**Exercise requirements:**
Copy out, unchanged, the entries below from the "Se nos muestra" line to the final line. Omit pictures.

[Source data]
-=-=-

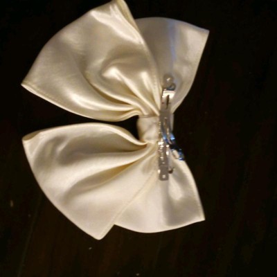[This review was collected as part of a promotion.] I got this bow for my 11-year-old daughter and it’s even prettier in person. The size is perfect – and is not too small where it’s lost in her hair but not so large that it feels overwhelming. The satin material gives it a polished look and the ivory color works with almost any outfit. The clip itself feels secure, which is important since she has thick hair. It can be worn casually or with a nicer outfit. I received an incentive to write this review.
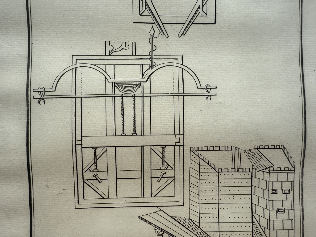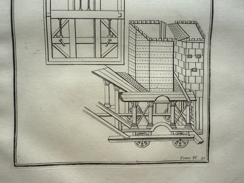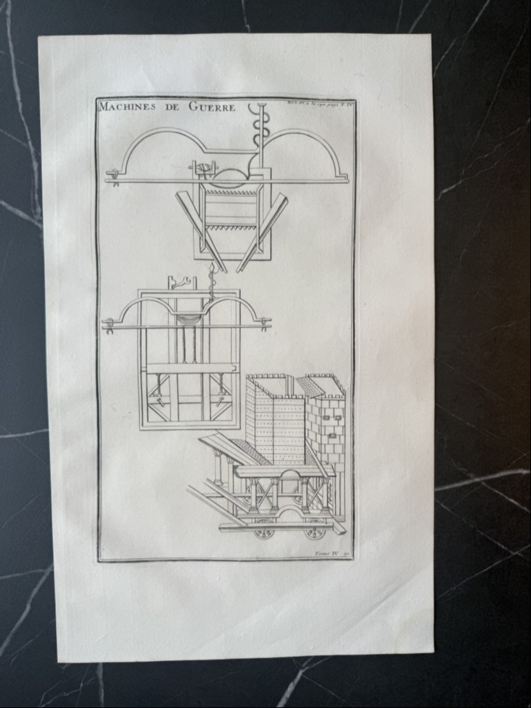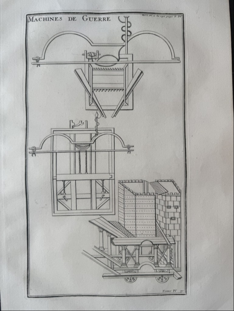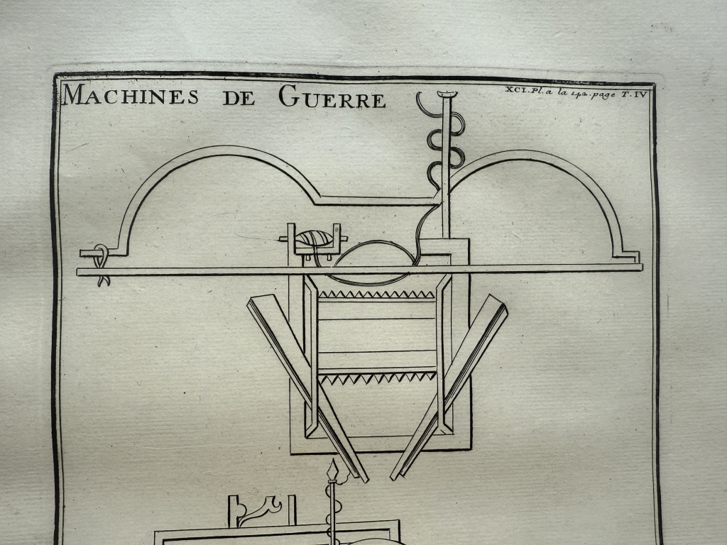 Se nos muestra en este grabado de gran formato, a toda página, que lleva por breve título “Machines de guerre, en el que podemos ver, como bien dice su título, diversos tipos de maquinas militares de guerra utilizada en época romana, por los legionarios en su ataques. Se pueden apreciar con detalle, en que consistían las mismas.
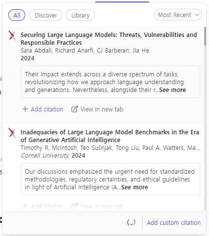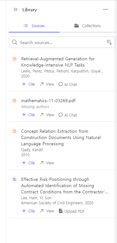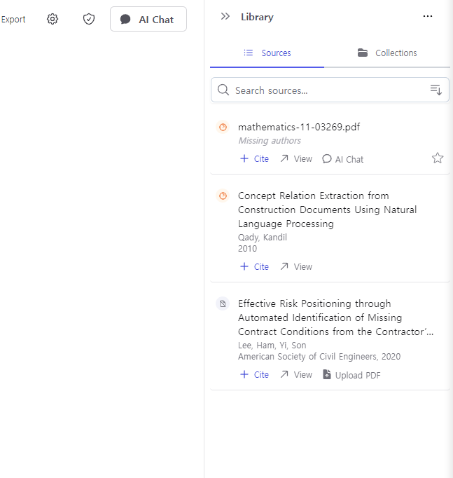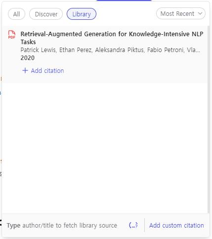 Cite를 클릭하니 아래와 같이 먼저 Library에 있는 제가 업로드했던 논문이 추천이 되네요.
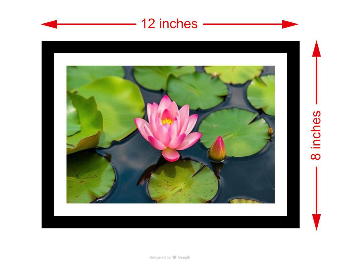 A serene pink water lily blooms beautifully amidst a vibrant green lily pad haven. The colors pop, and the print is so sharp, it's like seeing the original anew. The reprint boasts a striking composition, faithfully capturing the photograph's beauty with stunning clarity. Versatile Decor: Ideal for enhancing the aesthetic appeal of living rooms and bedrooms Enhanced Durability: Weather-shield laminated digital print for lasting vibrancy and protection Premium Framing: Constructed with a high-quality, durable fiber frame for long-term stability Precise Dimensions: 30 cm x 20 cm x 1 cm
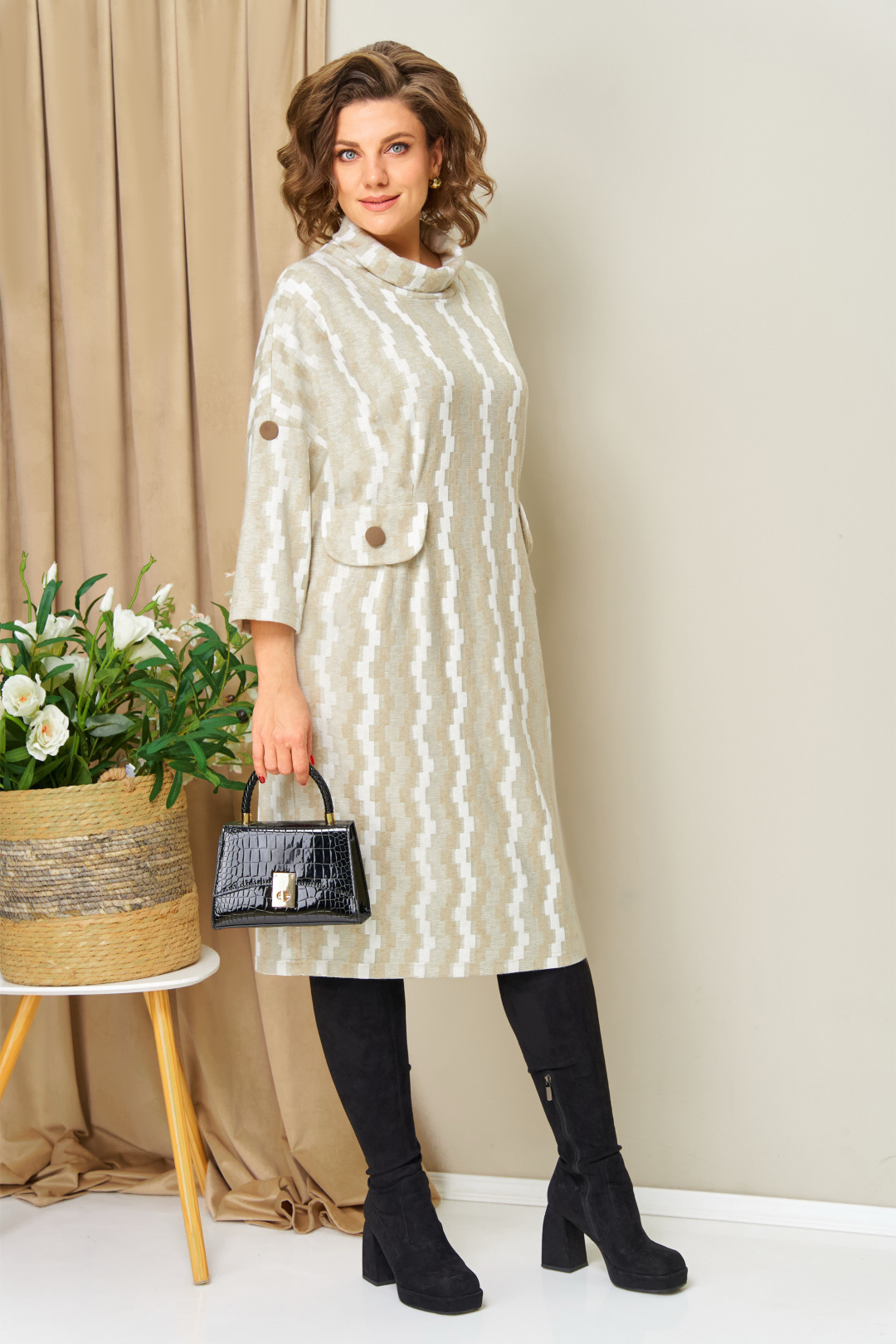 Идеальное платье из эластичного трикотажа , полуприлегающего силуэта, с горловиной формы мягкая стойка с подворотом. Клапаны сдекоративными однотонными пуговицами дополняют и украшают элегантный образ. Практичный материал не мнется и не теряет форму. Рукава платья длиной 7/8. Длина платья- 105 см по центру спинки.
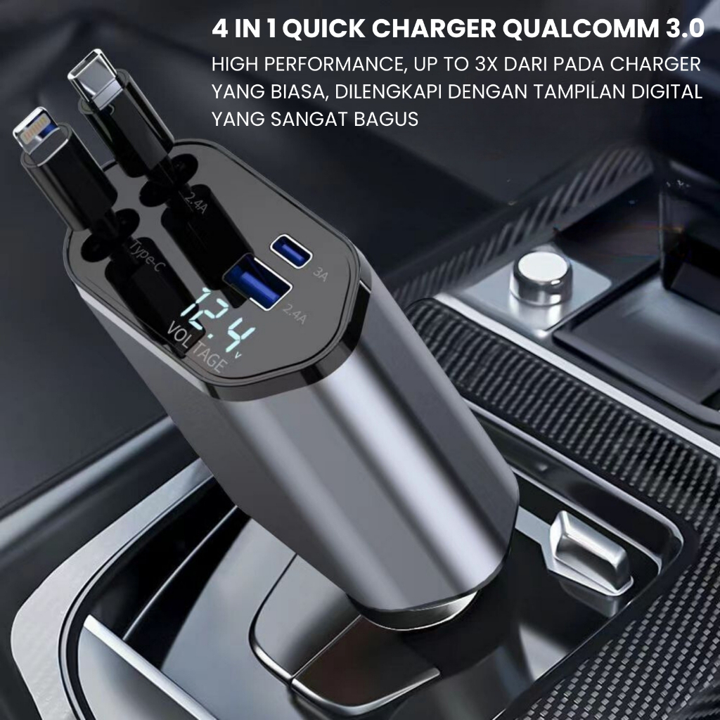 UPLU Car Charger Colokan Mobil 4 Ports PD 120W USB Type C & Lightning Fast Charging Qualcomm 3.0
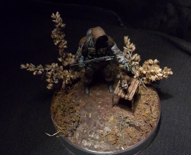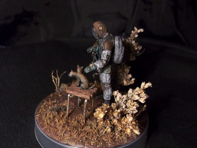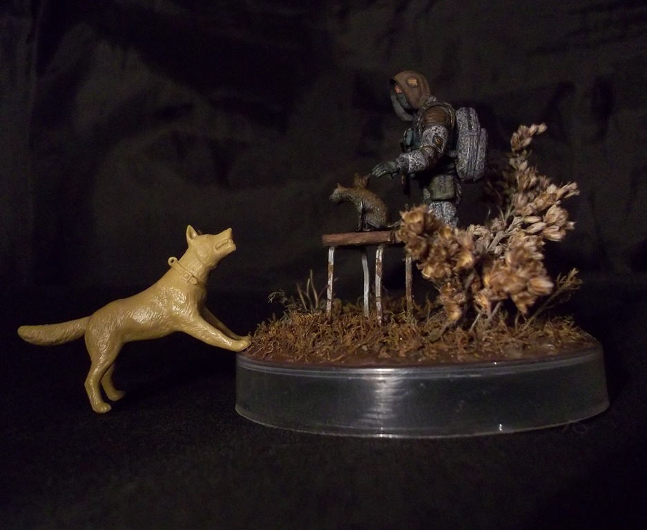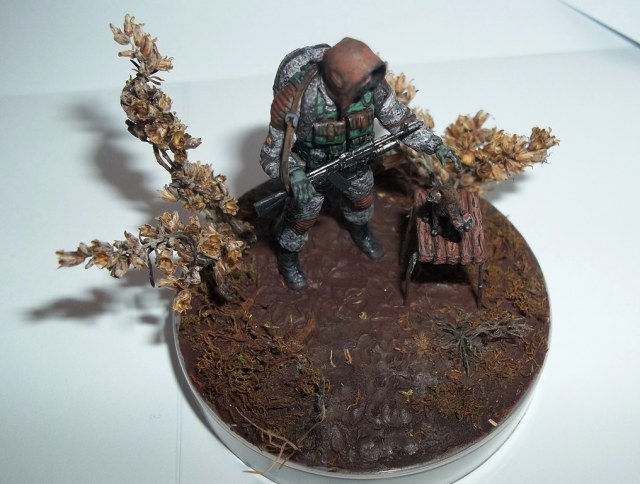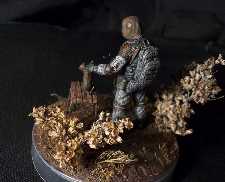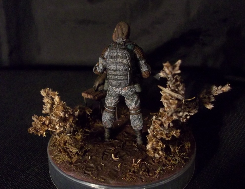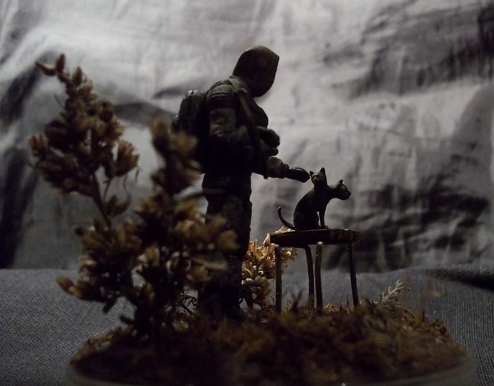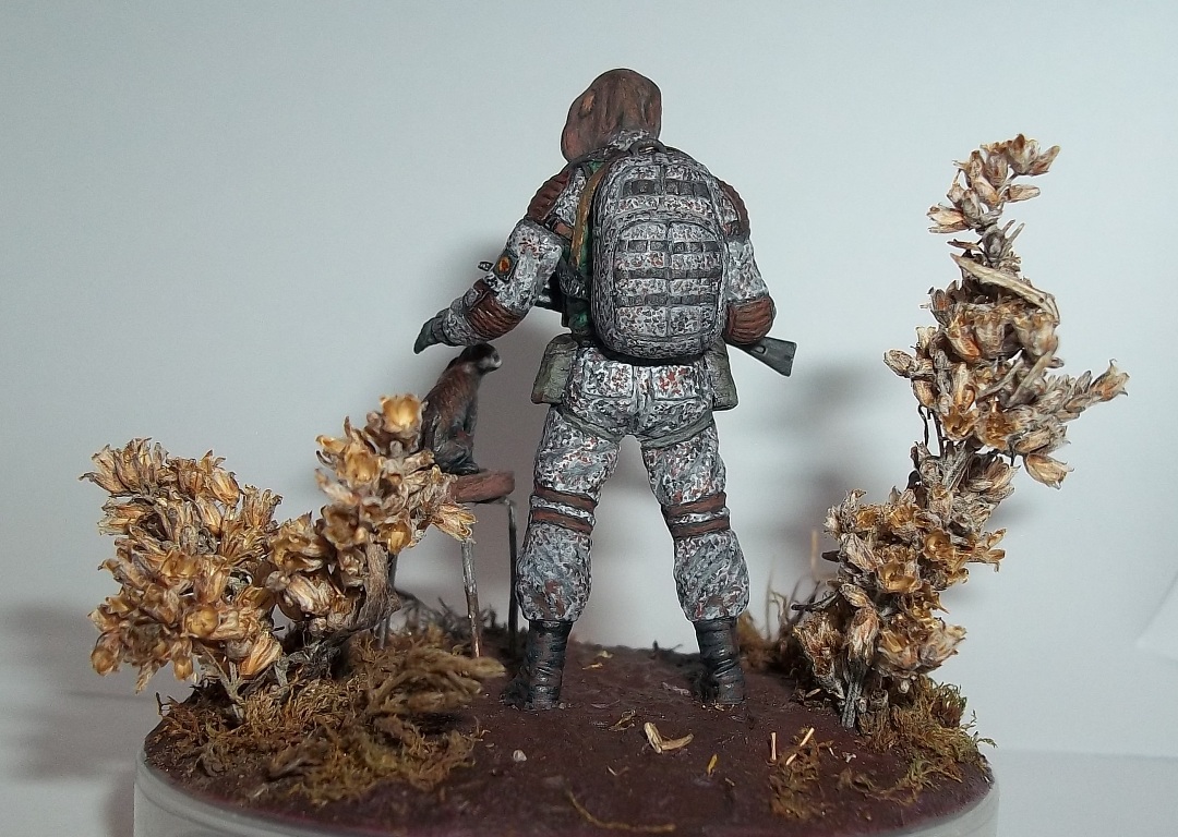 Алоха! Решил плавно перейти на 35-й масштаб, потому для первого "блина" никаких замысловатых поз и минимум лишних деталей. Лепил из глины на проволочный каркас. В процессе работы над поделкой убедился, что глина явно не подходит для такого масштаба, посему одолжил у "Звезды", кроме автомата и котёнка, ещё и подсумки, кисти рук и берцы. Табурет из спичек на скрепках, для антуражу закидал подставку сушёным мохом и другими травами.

-=-=-

**Exercise result:**
 Se nos muestra en este grabado de gran formato, a toda página, que lleva por breve título “Machines de guerre, en el que podemos ver, como bien dice su título, diversos tipos de maquinas militares de guerra utilizada en época romana, por los legionarios en su ataques. Se pueden apreciar con detalle, en que consistían las mismas.
 Cite를 클릭하니 아래와 같이 먼저 Library에 있는 제가 업로드했던 논문이 추천이 되네요.
 A serene pink water lily blooms beautifully amidst a vibrant green lily pad haven. The colors pop, and the print is so sharp, it's like seeing the original anew. The reprint boasts a striking composition, faithfully capturing the photograph's beauty with stunning clarity. Versatile Decor: Ideal for enhancing the aesthetic appeal of living rooms and bedrooms Enhanced Durability: Weather-shield laminated digital print for lasting vibrancy and protection Premium Framing: Constructed with a high-quality, durable fiber frame for long-term stability Precise Dimensions: 30 cm x 20 cm x 1 cm
 Идеальное платье из эластичного трикотажа , полуприлегающего силуэта, с горловиной формы мягкая стойка с подворотом. Клапаны сдекоративными однотонными пуговицами дополняют и украшают элегантный образ. Практичный материал не мнется и не теряет форму. Рукава платья длиной 7/8. Длина платья- 105 см по центру спинки.
 UPLU Car Charger Colokan Mobil 4 Ports PD 120W USB Type C & Lightning Fast Charging Qualcomm 3.0
 Алоха! Решил плавно перейти на 35-й масштаб, потому для первого "блина" никаких замысловатых поз и минимум лишних деталей. Лепил из глины на проволочный каркас. В процессе работы над поделкой убедился, что глина явно не подходит для такого масштаба, посему одолжил у "Звезды", кроме автомата и котёнка, ещё и подсумки, кисти рук и берцы. Табурет из спичек на скрепках, для антуражу закидал подставку сушёным мохом и другими травами.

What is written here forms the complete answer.